Source records —
━━━━━━━━

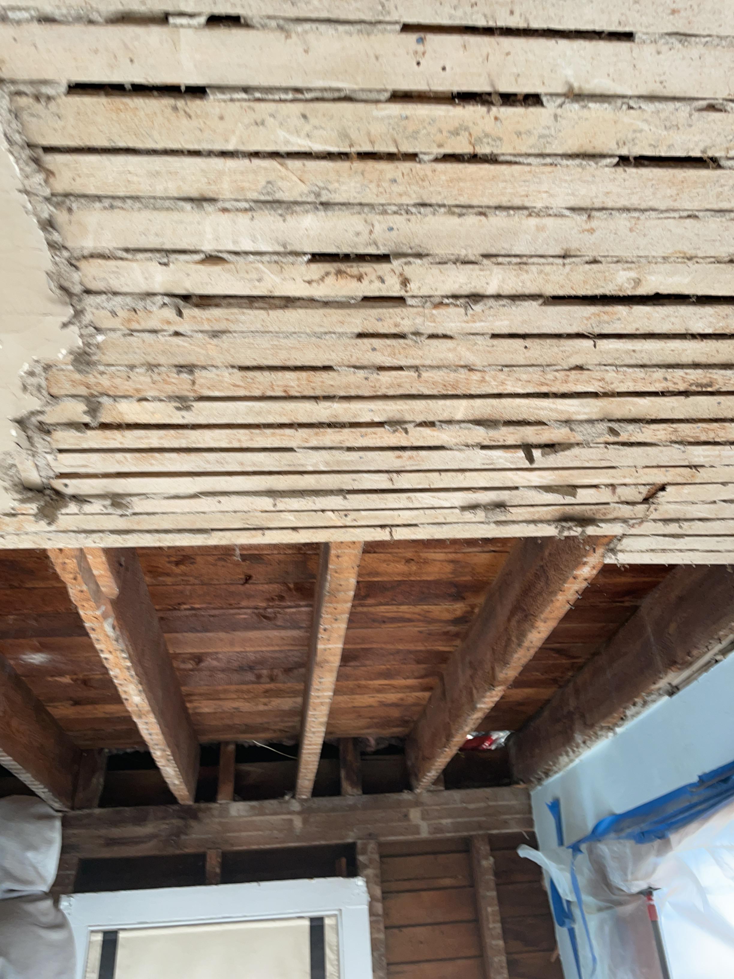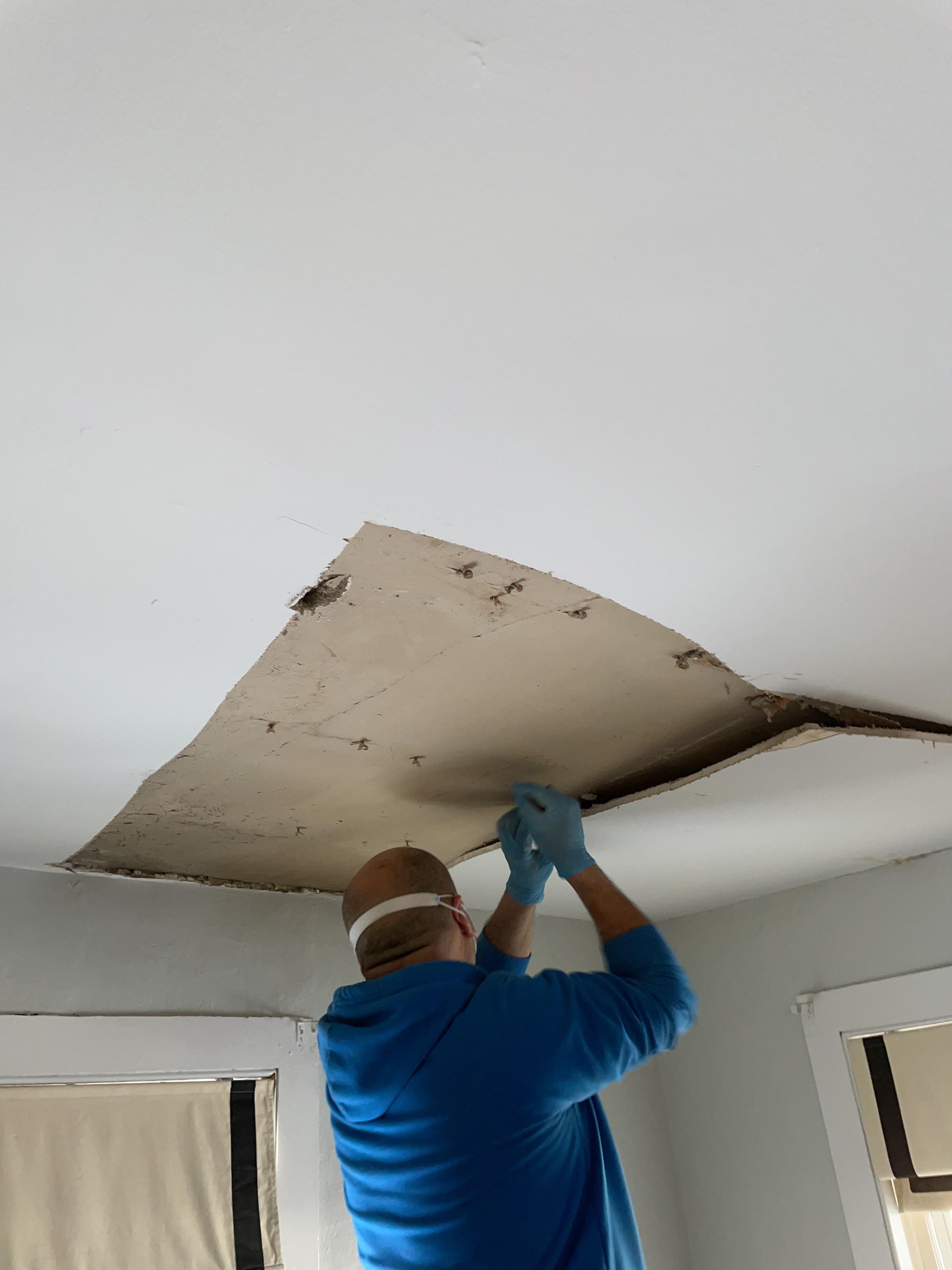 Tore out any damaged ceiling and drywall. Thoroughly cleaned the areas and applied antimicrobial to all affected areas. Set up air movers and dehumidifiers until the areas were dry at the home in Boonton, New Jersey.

━━━━━━━━

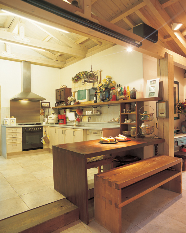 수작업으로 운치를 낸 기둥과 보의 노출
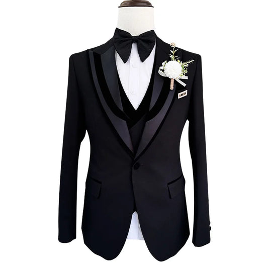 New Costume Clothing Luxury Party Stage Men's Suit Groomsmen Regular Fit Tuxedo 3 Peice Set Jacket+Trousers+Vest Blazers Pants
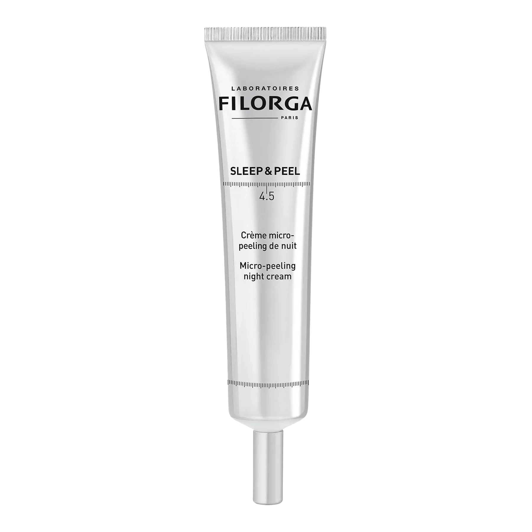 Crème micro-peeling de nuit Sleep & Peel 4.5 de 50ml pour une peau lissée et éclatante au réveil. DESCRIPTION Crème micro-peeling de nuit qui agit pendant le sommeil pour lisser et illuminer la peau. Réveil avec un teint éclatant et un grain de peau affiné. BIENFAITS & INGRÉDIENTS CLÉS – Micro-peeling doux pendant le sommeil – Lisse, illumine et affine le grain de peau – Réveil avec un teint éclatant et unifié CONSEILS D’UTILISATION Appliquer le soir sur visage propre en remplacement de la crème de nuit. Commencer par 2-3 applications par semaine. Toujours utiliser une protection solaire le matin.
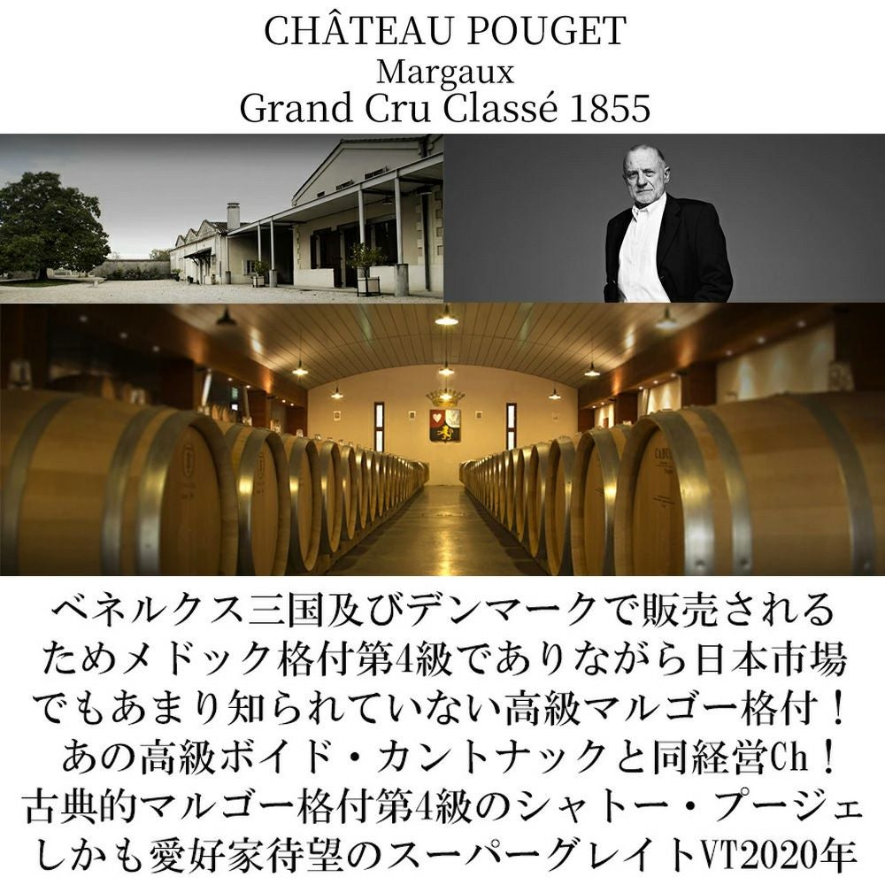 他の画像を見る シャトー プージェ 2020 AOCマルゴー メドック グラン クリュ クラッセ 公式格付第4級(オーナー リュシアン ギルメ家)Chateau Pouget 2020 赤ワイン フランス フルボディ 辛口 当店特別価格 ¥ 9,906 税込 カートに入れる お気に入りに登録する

━━━━━━━━

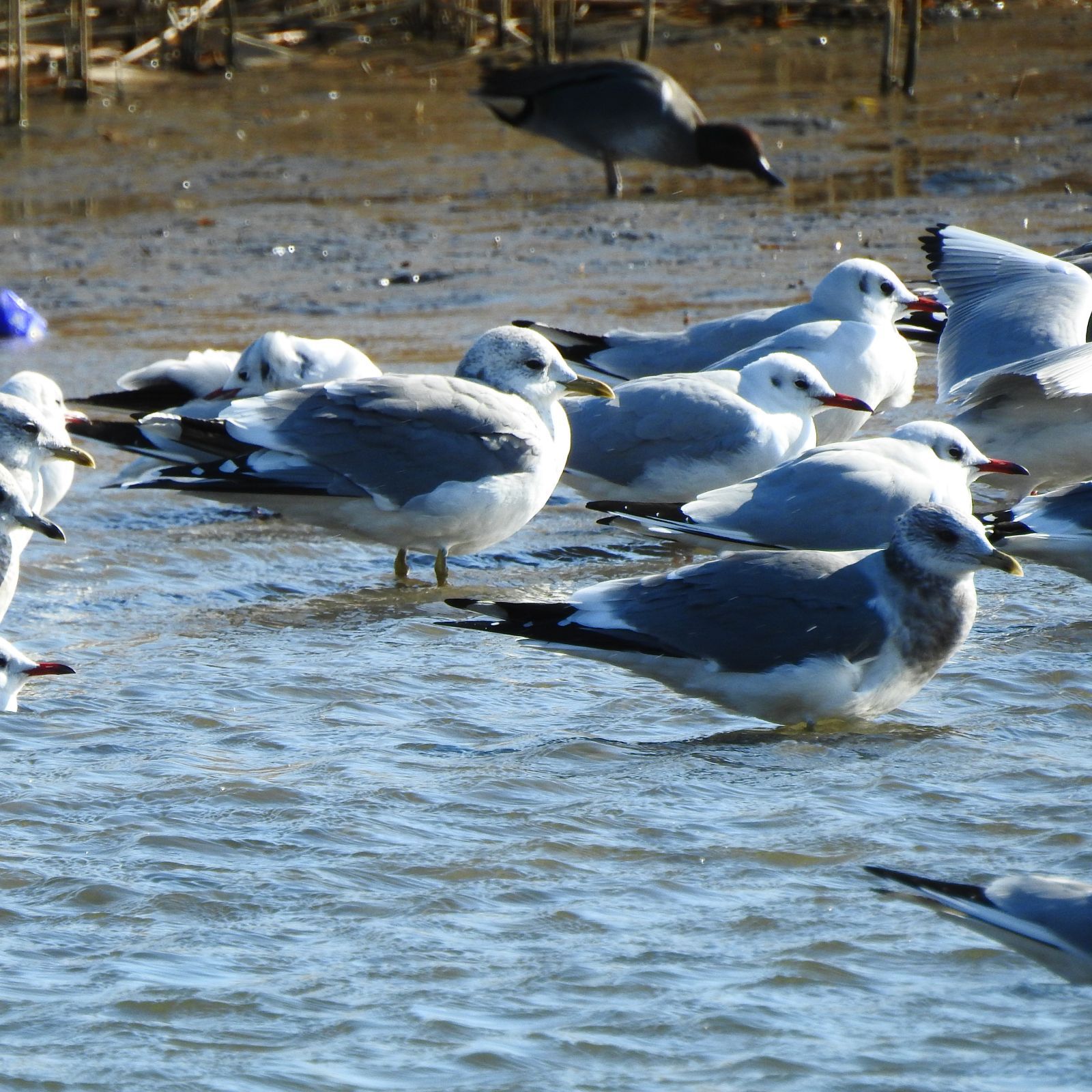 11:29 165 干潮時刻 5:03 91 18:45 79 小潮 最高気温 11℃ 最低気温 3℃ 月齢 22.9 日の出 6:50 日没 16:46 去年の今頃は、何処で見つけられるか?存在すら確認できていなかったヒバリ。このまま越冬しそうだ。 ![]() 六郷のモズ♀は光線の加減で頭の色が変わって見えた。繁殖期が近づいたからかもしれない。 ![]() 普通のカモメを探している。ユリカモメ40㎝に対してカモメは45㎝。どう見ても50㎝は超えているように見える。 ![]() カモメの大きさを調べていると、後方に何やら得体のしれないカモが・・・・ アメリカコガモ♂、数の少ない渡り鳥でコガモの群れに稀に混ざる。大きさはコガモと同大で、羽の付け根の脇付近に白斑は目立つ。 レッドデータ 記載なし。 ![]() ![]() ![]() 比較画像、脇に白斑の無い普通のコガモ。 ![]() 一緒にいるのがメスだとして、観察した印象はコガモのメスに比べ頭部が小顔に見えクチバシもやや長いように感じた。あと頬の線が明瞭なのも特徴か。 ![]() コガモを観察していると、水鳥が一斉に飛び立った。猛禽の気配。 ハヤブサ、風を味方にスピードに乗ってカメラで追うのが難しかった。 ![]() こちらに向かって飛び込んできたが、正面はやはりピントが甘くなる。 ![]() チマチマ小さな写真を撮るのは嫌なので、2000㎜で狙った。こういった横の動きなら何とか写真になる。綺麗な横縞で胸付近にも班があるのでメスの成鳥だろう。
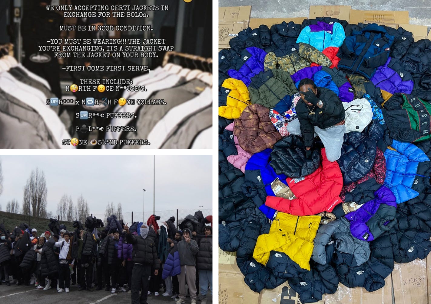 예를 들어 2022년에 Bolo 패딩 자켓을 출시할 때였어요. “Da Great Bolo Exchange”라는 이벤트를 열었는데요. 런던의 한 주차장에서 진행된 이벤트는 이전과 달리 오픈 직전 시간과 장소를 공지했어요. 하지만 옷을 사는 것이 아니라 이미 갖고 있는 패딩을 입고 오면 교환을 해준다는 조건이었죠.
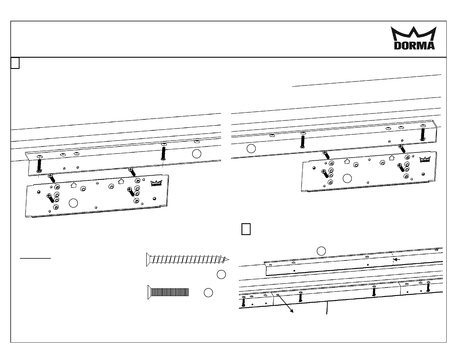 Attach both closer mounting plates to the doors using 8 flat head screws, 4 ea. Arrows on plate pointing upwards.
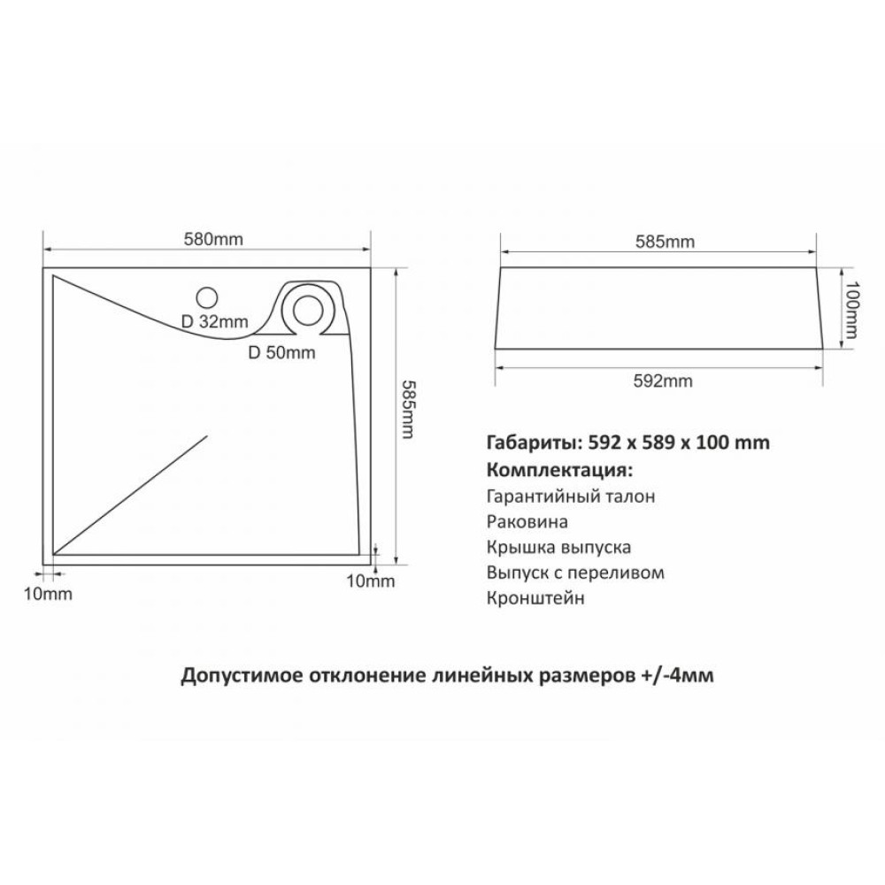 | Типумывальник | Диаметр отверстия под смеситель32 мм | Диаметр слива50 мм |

━━━━━━━━

Directions for this task — Starting from the line with "예를 들어 2022년에" in the records above, repeat each line exactly until you have written the line with "слива50 мм |", then stop; drop the pictures.

Result for this exercise —
 예를 들어 2022년에 Bolo 패딩 자켓을 출시할 때였어요. “Da Great Bolo Exchange”라는 이벤트를 열었는데요. 런던의 한 주차장에서 진행된 이벤트는 이전과 달리 오픈 직전 시간과 장소를 공지했어요. 하지만 옷을 사는 것이 아니라 이미 갖고 있는 패딩을 입고 오면 교환을 해준다는 조건이었죠.
 Attach both closer mounting plates to the doors using 8 flat head screws, 4 ea. Arrows on plate pointing upwards.
 | Типумывальник | Диаметр отверстия под смеситель32 мм | Диаметр слива50 мм |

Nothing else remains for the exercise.